• **TASK STATEMENT**
Would you transcribe exactly the lines from the one containing "idx 代表结点编号,sum 代表的是当前区间的和。" to the last line of the data below, both ends included, but none of the pictures?

___ DATA SEGMENT ___

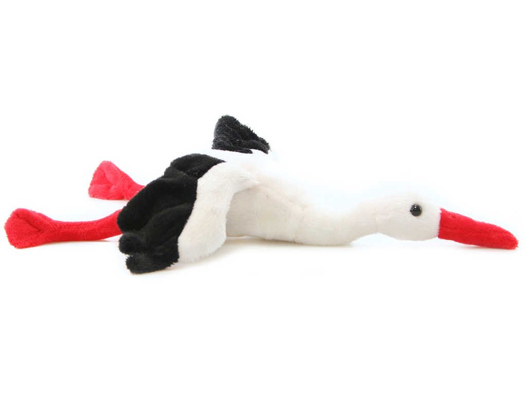 Čáp s dlouhýma nohama a zobákem, z plyše, pro všechny milovníky plyšových zvířátek.
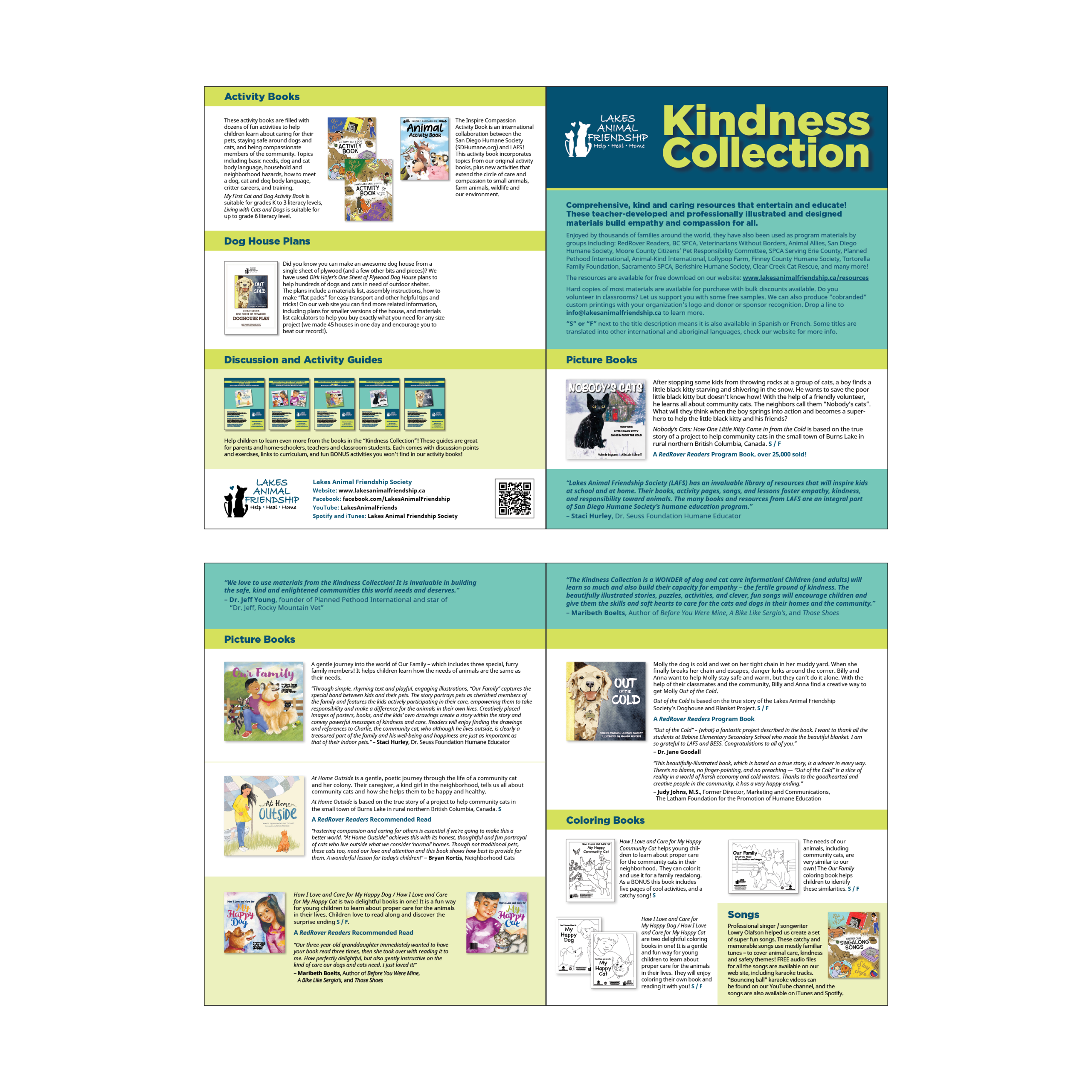 A newsletter styled brochure promoting the various story books, colouring books, activity books and guides that the organization uses to promote and teach animal welfare that can be found on their website for distribution.
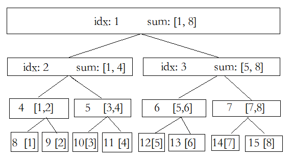 idx 代表结点编号,sum 代表的是当前区间的和。
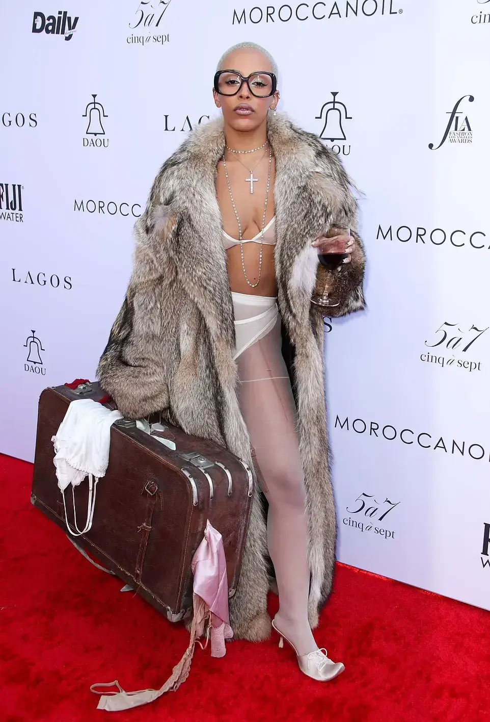 In a scene straight out of Hollywood glamour meets avant-garde chic, music sensation Doja Cat made heads turn at the Daily Front Row Awards in Los Angeles with her unconventional red carpet ensemble.

___

• **REPLY TO THE EXERCISE**
 idx 代表结点编号,sum 代表的是当前区间的和。
 In a scene straight out of Hollywood glamour meets avant-garde chic, music sensation Doja Cat made heads turn at the Daily Front Row Awards in Los Angeles with her unconventional red carpet ensemble.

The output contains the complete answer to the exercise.